I’ve written elsewhere about one such tool empowering democracy’s happy warriors: NC-GoVote’s Reg Watch service, which works like a credit report monitoring service, but for voter registration records. Now let me tell you what else we’re doing to defend the right to vote.
MIGHTY OAKS FROM LITTLE ACORNS GROW
As Reg Watch has grown to serve ever more North Carolina voters, the grassroots technologists who created it have come to realize that the infrastructure we built also has the power to expand, rather easily, to do much, much more: to catch and reveal organized voter suppression activities in real time, before they throw an election, in service to the entire North Carolina electorate — not just for voters who sign up for Reg Watch.
The principle is simple. Voter suppression efforts involve barring ‘the wrong sort’ of voters from the polls. Whether that is accomplished by preventing would-be voters from registering in the first place (as achieved in the Jim Crow era through poll taxes and literacy tests, or today’s needless voter ID laws), or whether instead it is accomplished by more illicit means such as 2016’s voter caging scheme run by North Carolina’s notorious Voter Integrity Project, voter suppression is all about racking up big numbers. Preventing one individual from voting doesn’t move the needle for democracy’s foes; they need to suppress tens or hundreds of thousands of voters at a blow to make the considerable effort that voter suppression entails worthwhile. And the same is equally true for democracy’s foreign enemies, such as the state-sponsored Russian hackers who intensively probed dozens of state voter registration systems in 2016 (and who should be expected to be back again in force this year).

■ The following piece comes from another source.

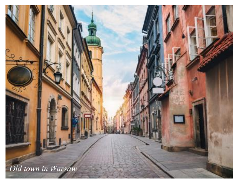
Day 1: Thursday, September 26, 2024 • Departure Our adventure begins with our overnight flights to Warsaw, Poland. (In-flight meals)

But the thing about moving the needle via a massive voter suppression effort targeting a state’s poll book is that it necessarily leaves a trail of odd statistics in its wake. And rooting through mountains of data to turn up curious statistical anomalies is a solved problem, thanks to modern data science and cheap computing power.
Catching the bad guys in the act
What might such a “curious statistical anomaly” in voter registration data look like? Maybe something like this:
This chart illustrates the consequences of the now-infamous voter caging scheme Republicans organized to quietly force thousands of voters off the rolls in North Carolina’s Cumberland and Moore counties in 2016. In Cumberland County in particular, that abuse raised a huge welt (the tall brown bar on the right in this chart) that would be pretty hard to miss...provided anyone was systematically watching for it. But in 2016 no one was — it was brought to light mere weeks before the November election, and then only thanks to a few individuals who happened to notice that their own names had suddenly dropped off the rolls.
Enter, stage left: Progressive data science
Spotting statistical anomalies like this one has long been possible here in North Carolina, the state with the nation’s best ‘open data’ laws regarding voter registration data. But it has never been easy. The data files that the NC State Board of Elections posts weekly on its public FTP server are well known among veteran voting rights defenders to be a hot mess (idiosyncratically formatted and full of weird typos) and, what’s worse, they are arcane — there’s no publicly available data dictionary explaining what each of the 70+ obscurely named fields in a voter’s registration record actually means, making deep analysis of these data a job that is not for the incautious or the faint of heart.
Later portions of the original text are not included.